The strong performance of Apple's M4 chip is driving the rapid development of local artificial intelligence. Exo Labs cleverly used multiple Mac devices equipped with M4 chips to build a low-cost, high-performance local AI computing cluster and successfully ran multiple large language models (LLMs), which brought more economical benefits to individuals and enterprises. , more private artificial intelligence solutions. The editor of Downcodes will give you an in-depth understanding of this breakthrough progress.
In the field of generative artificial intelligence, Apple’s efforts seem to be mainly focused on mobile devices, especially the latest iOS18 system. However, the new Apple M4 chip has demonstrated powerful performance in the newly released Mac Mini and Macbook Pro, allowing it to effectively run the most powerful open source basic large language models (LLMs) currently available, such as Meta's Llama-3.1405B, Nvidia's Nemotron70B and Qwen2.5Coder-32B.
Exo Labs is a startup founded in March 2024 that is committed to "democratizing access to artificial intelligence." Its co-founder Alex Cheema has successfully built one using multiple M4 devices A local computing cluster.
He connected four Mac Mini M4s (each priced at $599) to a Macbook Pro M4Max (priced at $1,599), running Alibaba's Qwen2.5Coder-32B through Exo's open source software. The entire cluster costs approximately US$5,000, which is extremely cost-effective compared to an Nvidia H100 GPU worth US$25,000 to US$30,000.
The benefits of using a local computing cluster instead of a network service are clear. By running AI models on devices controlled by users or enterprises, costs can be effectively reduced while improving privacy and security. Chima said that Exo Labs is constantly improving its enterprise-level software. Several companies are currently using Exo software for local AI reasoning. In the future, this trend will gradually expand to individuals and enterprises.
Exo Labs' recent success is due to the powerful performance of the M4 chip, which is billed as "the world's fastest GPU core."
Qima revealed that Exo Labs' Mac Mini M4 cluster is capable of running Qwen2.5Coder32B at 18 marks per second and Nemotron-70B at 8 marks per second. This shows that users can efficiently handle AI training and inference tasks without relying on cloud infrastructure, making AI more accessible to consumers and enterprises that are privacy- and cost-sensitive.

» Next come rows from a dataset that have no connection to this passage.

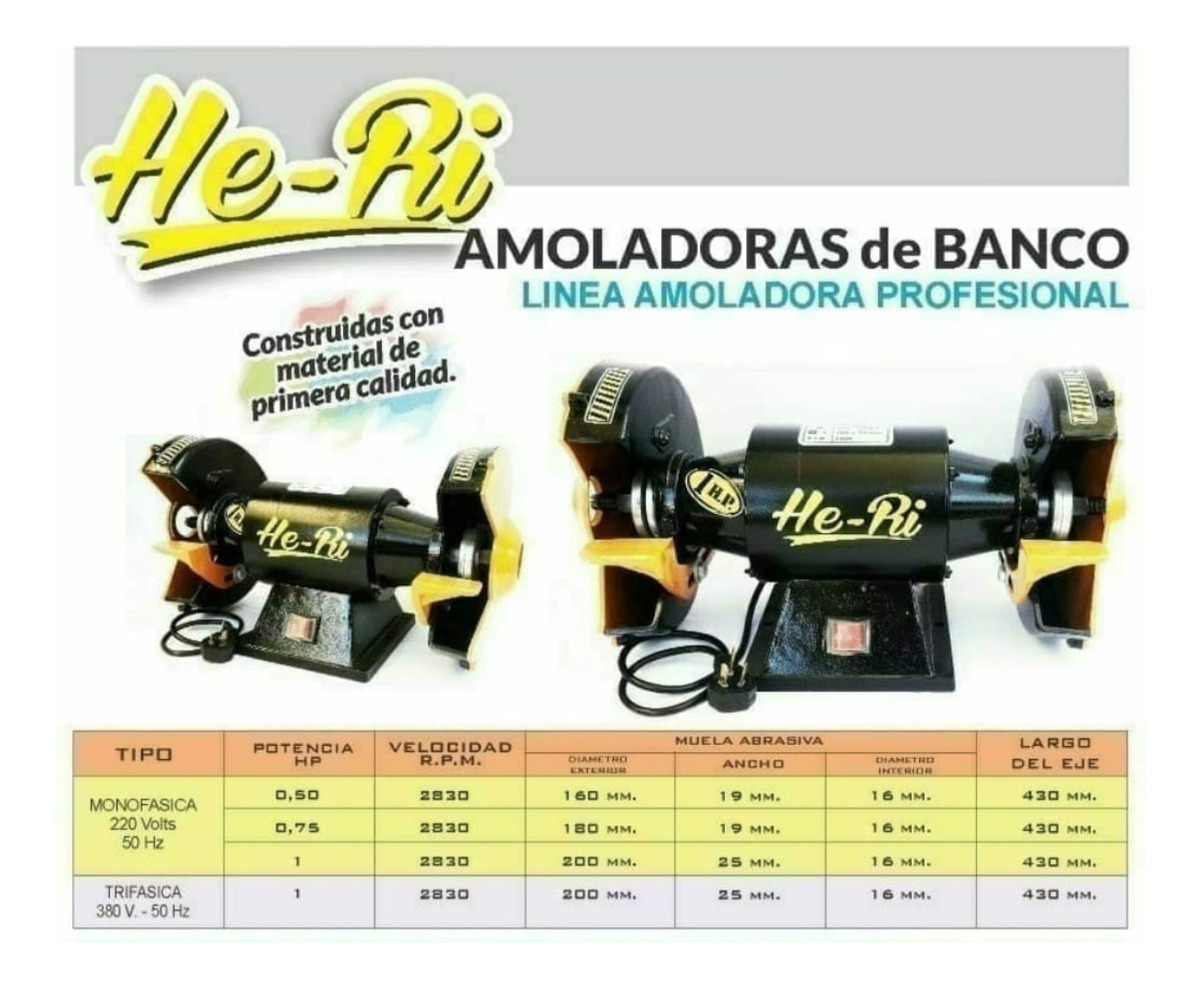 Amoladora de banco Chañar Linea He-Ri “profesional” 1 hp Monofásica.
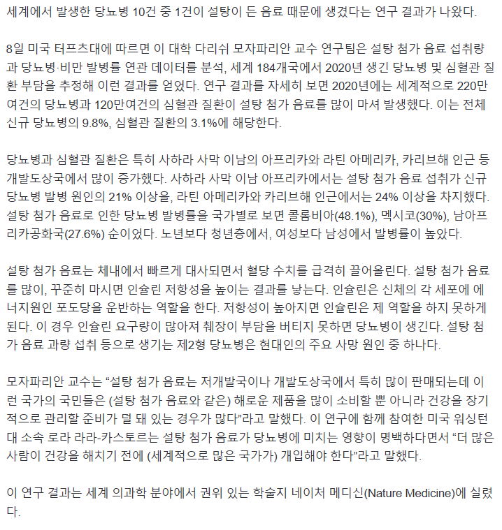 콜라 많이 먹는 콜롬비아는 당뇨병 발병률이 약48% 라고함 ㄷㄷ
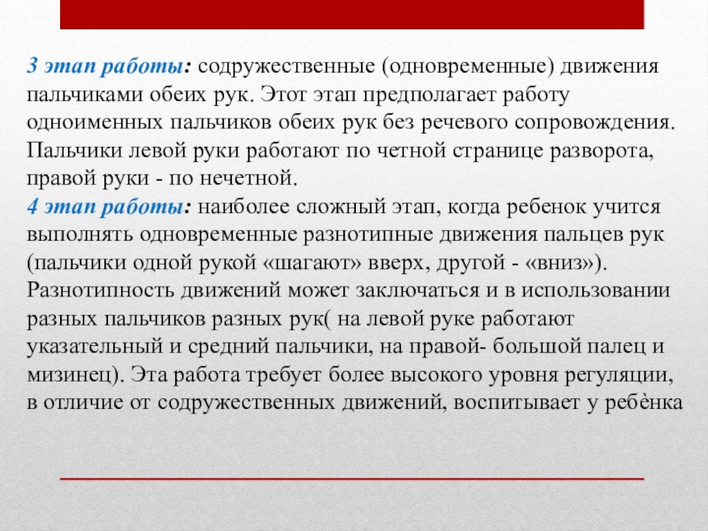 Слайд 103 этап работы: содружественные (одновременные) движения пальчиками обеих рук. Этот этап
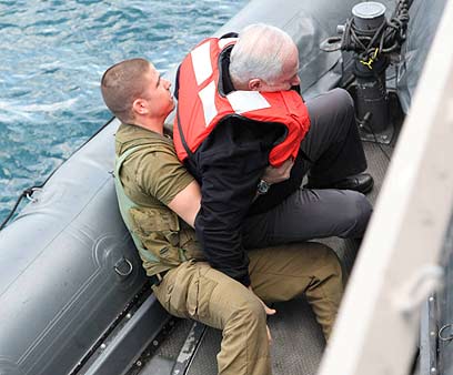 Netanyahu visited the Haifa Navy base on Tuesday, along with IDF Chief of Staff Gabi Ashkenazi and Israeli Navy Commander Eli Marom. After touring the missile boat and speaking of the dangers of disobedience in the military, the prime minister's hosts also wished to show him the inflatable boat the fleet uses.
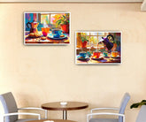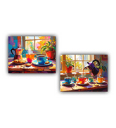 This vibrant kitchen scene features a colorful painting above the sink, depicting a cheerful breakfast tableau. The artwork showcases a steaming blue coffee cup and a bright orange mug, surrounded by cookie-topped saucers, a metallic coffee maker, and a potted plant basking in sunlight near a window. The energetic brushwork and saturated hues create a cozy, inviting atmosphere filled with warmth and the simple pleasure of morning light. Shadows fall playfully across the mint-green walls and wooden countertops, complemented by fresh flowers in a white jug and minimalist ceramic containers, blending art and life into a serene domestic setting.
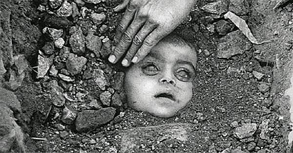 被埋葬的不知名的儿童。这张照片显示了世界上最严重的工业灾难,是由美国跨国化学公司,联合碳公司造成的。
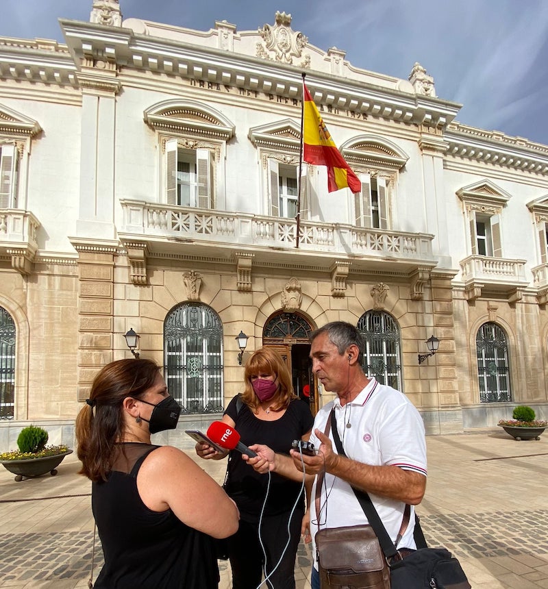 En la imagen inferior, Cristina Martínez, presidenta de Cartagena Futura, es entrevistadam por medios informativos.
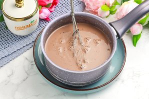 Тому відразу поставте ємність на плиту та підігрійте молоко 1-2 хвилини, поки какао-порошок чудово не розчиниться. Потім зменшіть нагрівання до середнього та перемішуйте всю масу.
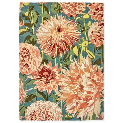 Designový vlněný koberec Harlequin Dahlia Coral s nádherným květinovým vzorem pivoněk v oranžové barvě.
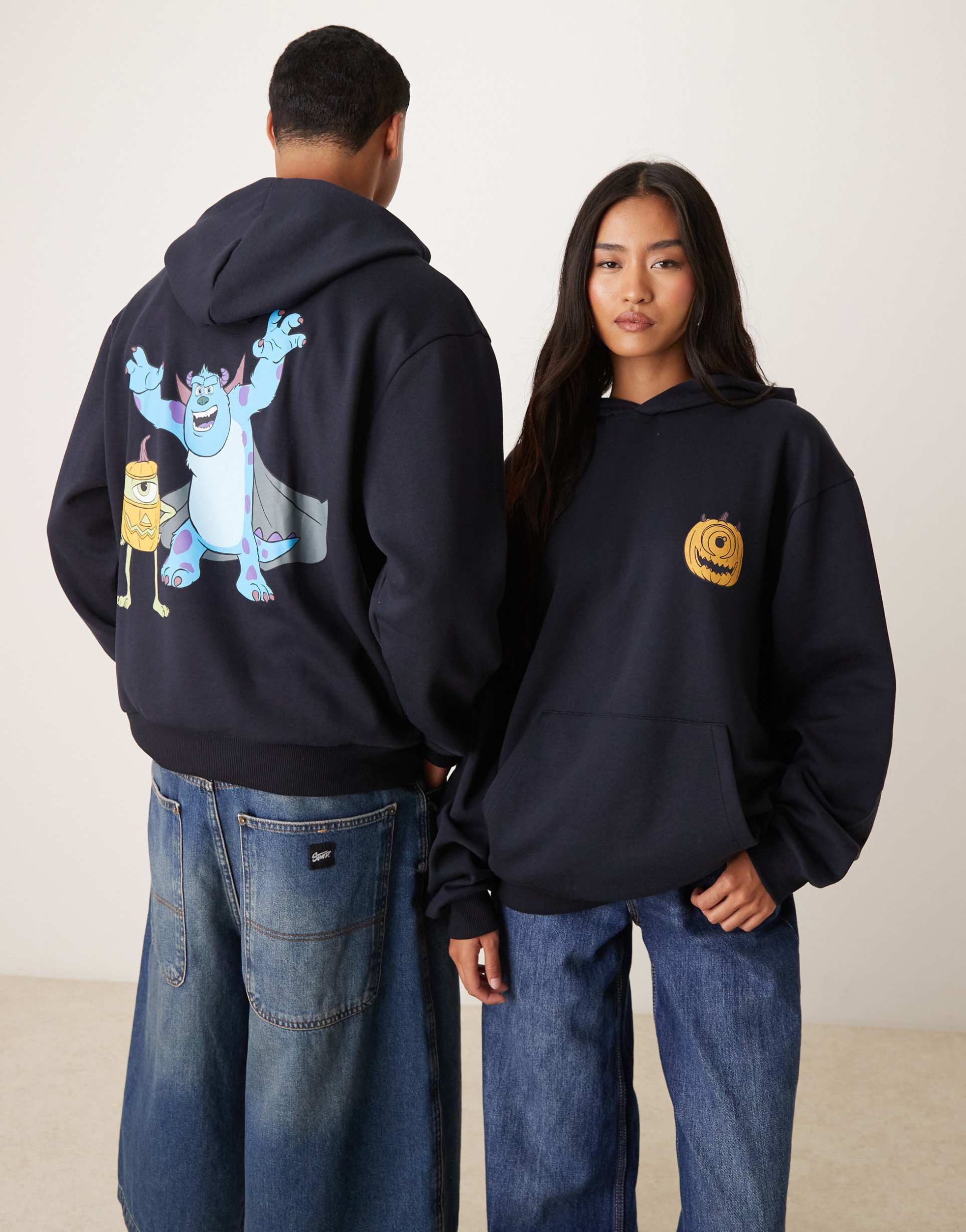 ASOS DESIGN DISNEY PIXAR HALLOWEEN RELAXED HOODIE WITH MONSTERS INC. PRINTS IN NAVY
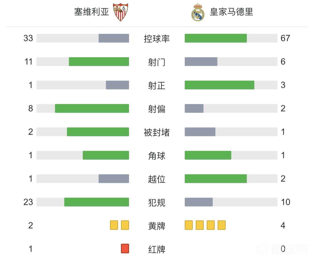 第2分钟,希尔禁区左侧打门被米利唐封堵,随后拉法-米尔顺势再抽射得手,塞维利亚1-0皇马!
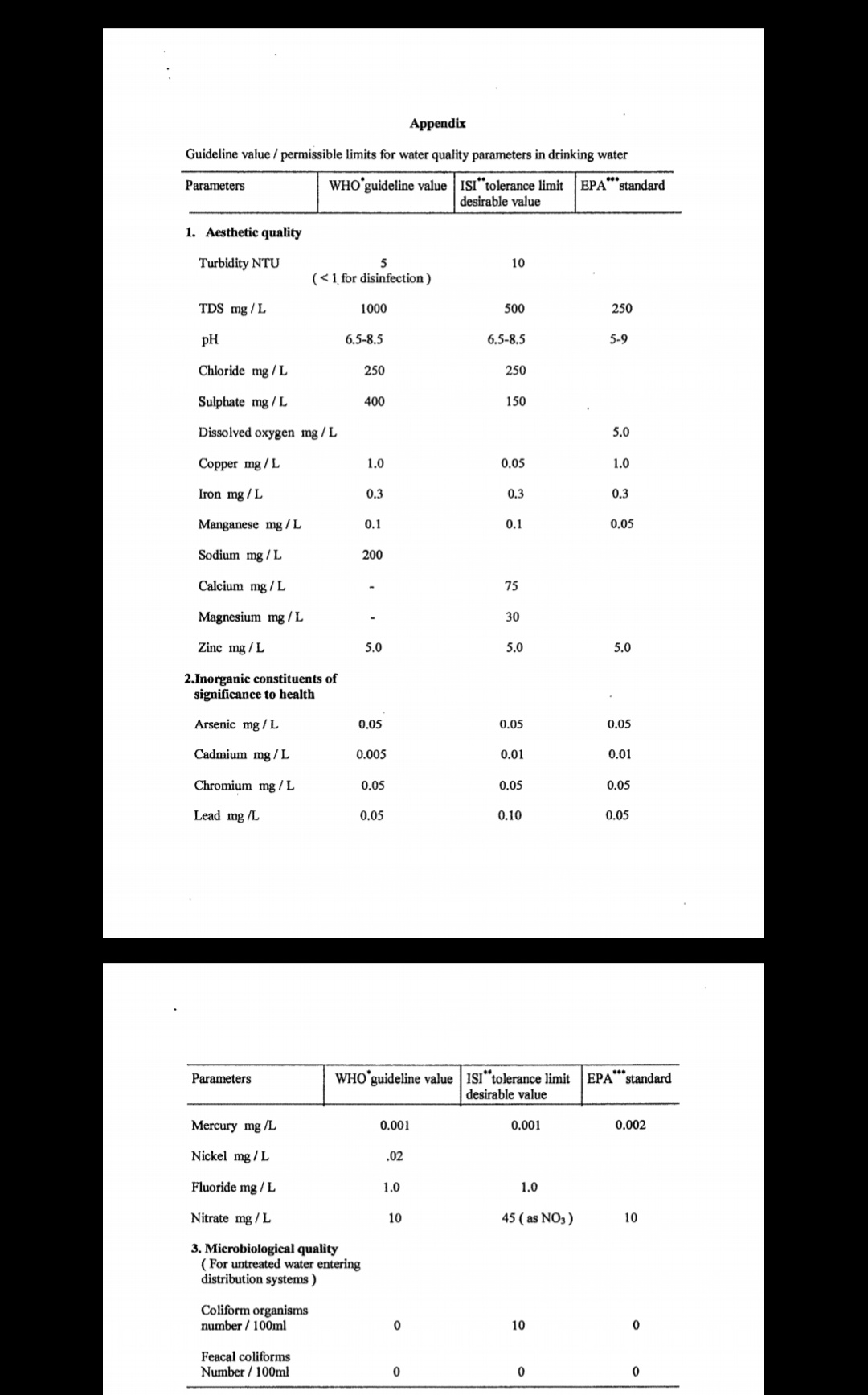 | 236 | PG - III Semester | permissible limit of water qyality parameters |
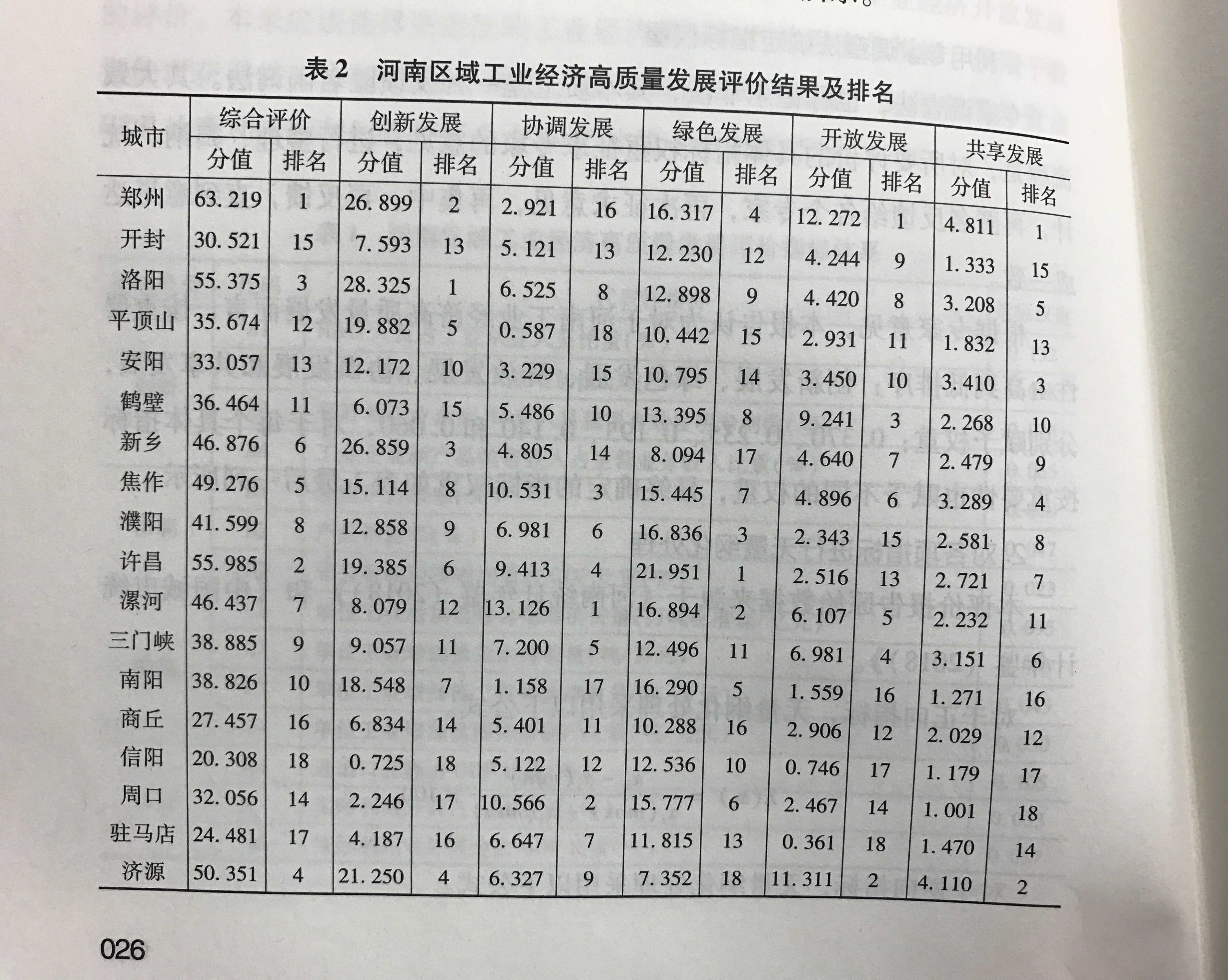 调查评价篇——《河南区域工业经济高质量发展评价报告》,围绕创新、协调、绿色、开放和共享等角度构建区域工业经济高质量发展评价指标体系,对河南18个市工业发展质量进行综合评价,结果显示,郑州、许昌、洛阳、济源和焦作,位列河南区域工业经济高质量发展综合排名前五位。从创新发展看,洛阳、郑州、新乡、济源和平顶山位居前五;从协调发展看,漯河、周口、焦作、许昌和三门峡位居前五;从绿色发展看,许昌、漯河、濮阳、郑州和南阳位居前五;从开放发展看,郑州、济源、鹤壁、三门峡和漯河位居前五;从共享发展看,郑州、济源、安阳、焦作和洛阳位居前五。
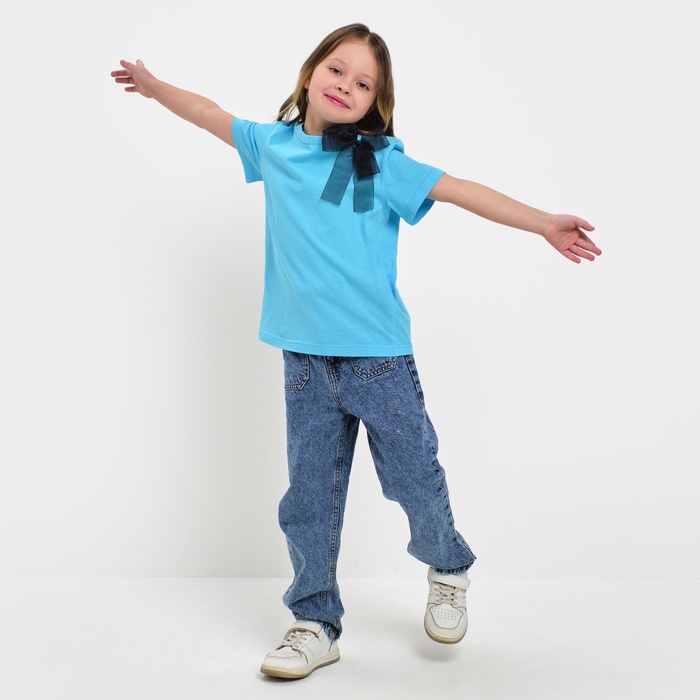 Футболка для девочки KAFTAN «Бантик», голубая, размер 32, рост 110-116 см — Характеристики
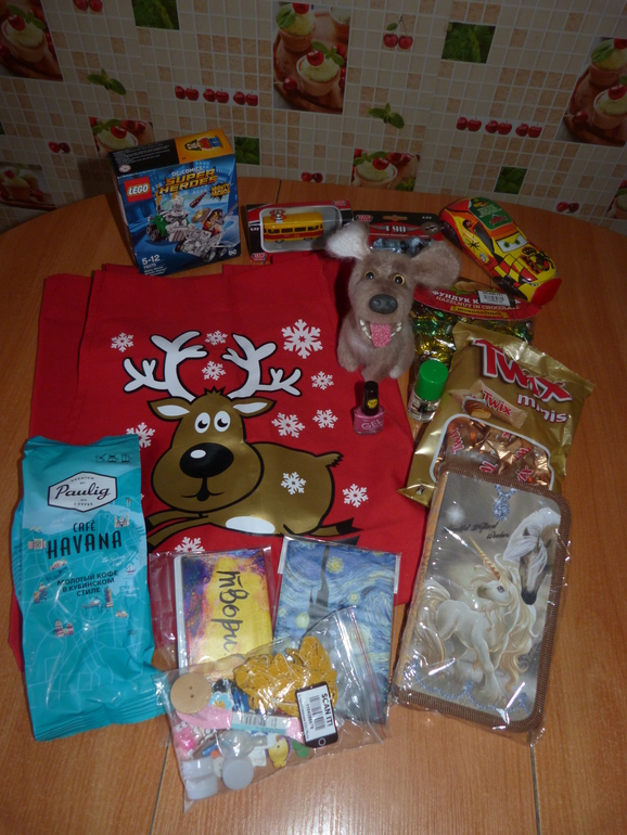 А это для всех нас подарочки и гостинцы !!!! За пуговки-ленточки для меня отдельное спасибо и от пацанят за игрушки СПАСИБИЩЕ !!!

To further support this wave of local AI innovation, Exo Labs plans to launch a free benchmarking website to provide detailed hardware configuration comparisons to help users choose the best LLM running solution based on their needs and budget.
Project entrance: https://github.com/exo-explore/exo
The successful case of Exo Labs demonstrates the huge potential of Apple's M4 chip in local AI applications, and also indicates that individuals and enterprises will have a more convenient, economical, and private AI experience in the future. This will further promote the popularization and application of artificial intelligence technology and bring more innovation opportunities to all walks of life. Look forward to more surprises from Exo Labs in the future!